「トヨタMR2」登場で計画変更! パンサー・ソロ 2(1) 独創的なカタチ 複合素材のタブシャシー
公開 : 2024.11.16 17:45
普段使いできるミドシップ・スポーツで再興を図ったパンサー 新開発の複合素材シャシー 独創的な容姿にフォードの4気筒ターボ トヨタMR2の登場で計画変更 英編集部が貴重な1台をご紹介
専用設計のプラットフォーム 市販は11台
当初から個性的なクルマを生み出してきたパンサーだが、1990年発売のソロ 2も相当な異端児といえた。ジャガーの部品を流用した他ブランドのマネとは異なる、独創的なスタイリングのミドシップ・クーペだ。
複合素材を用いたプラットフォームは専用設計。当時のロータスをライバルに据えた、スポーツカーが目指されていた。フォード由来の、ベーシックな2.0L 4気筒ターボエンジンで。
パンサー・ソロをご存知なかったとしても、まったく不思議ではない。生産期間は約1年で、形になったのは26台。そのうち、高額を支払ったユーザーへ納車されたのは、11台でしかない。
とはいえ、ブランドイメージを刷新しようという試みは達成されていたと思う。異論が絶えなかった、クラシカルな見た目のモデルを提供した時代へ別れを告げて。

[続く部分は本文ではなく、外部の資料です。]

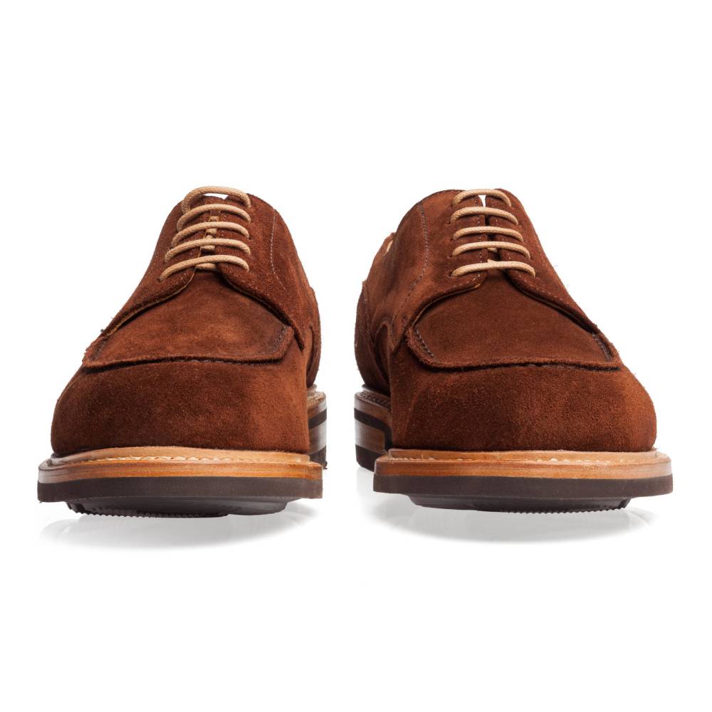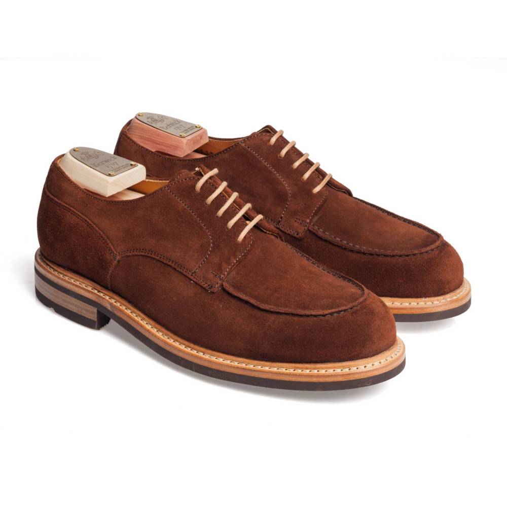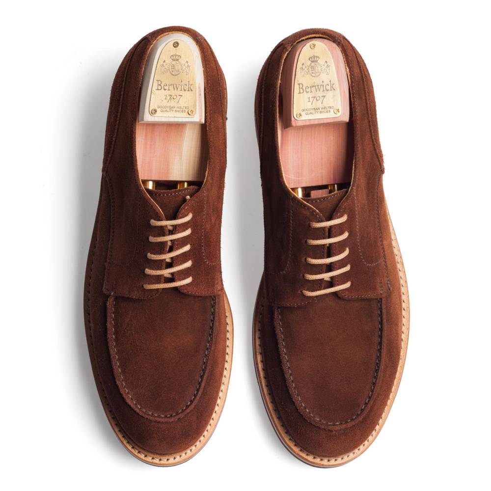 Повседневные туфли дерби испанской фирмы Berwick на массивной двухслойной подошве из кожи и резины. Верх выполнен из плотной бархатистой замши коричневого цвета. Модель имеет усиленный рант с окантовкой (storm welt), который добавляет подошве влагоустойчивость. Внутренняя отделка из мягкой приятной на ощупь кожи. Конструкция Goodyear Welted.
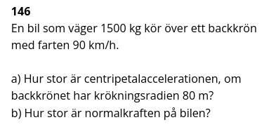 Tänk dig att kraften som bilen lättar med är lika stor som kraften för att behålla bilen runt krönet, dvs centripetalkraften. Dessa uppgifter är bättre att fundera på än att följa formler.

クルマ作りの方針を転換するきっかけになったのは、パンサー・ウェストウィンズ社の倒産。1980年に同社の経営権は、創業者のロバート・ボブ・ジャンケル氏から、ヤング・チョル・キム氏率いる韓国のジンド・コーポレーション社へ売却されたのだ。
日常利用できるミドシップ・クーペで再興
キムは、それ以前に生産されていたパンサー・リマを、フォードの4気筒エンジンへ載せ替え再生産。パンサー・カリスタとして復活させた。さらに、日常利用できる実用的なミドシップ・クーペを1万ポンド以下で提供することで、再興を図った。
カリスタの生産を通じ、フォードからのエンジン供給体制は既に確立されていた。当時のエスコート XR3i用1.6Lユニットも取引き契約へ追加することは、さほど難しいことではなかったようだ。
従来と異なり、シャシーも完全に新設計された。技術者として指名されたのは、フォードGT40や、後のGT70にも関わった技術者、レン・ベイリー氏だ。
スタイリングは、英国オペルのヴォグゾールでデザイナーを努めた経験を持つ、ケン・グリーンリー氏へ依頼。空力特性に優れ、独創的なボディが創出される。
開発が始まったのは1983年。ベイリーは、整った形状のチューブラー・シャシーを設計し、グリーンリーはアルミニウム・パネルをプレス加工する、キャブフォワードのシルエットをまとめた。
作業は順調に進み、プロトタイプが発表されたのは1984年10月の英国のバーミンガム・モーターショー。AUTOCARの取材に対し、「最初のモデルは来年に発売予定です」。とキムは回答している。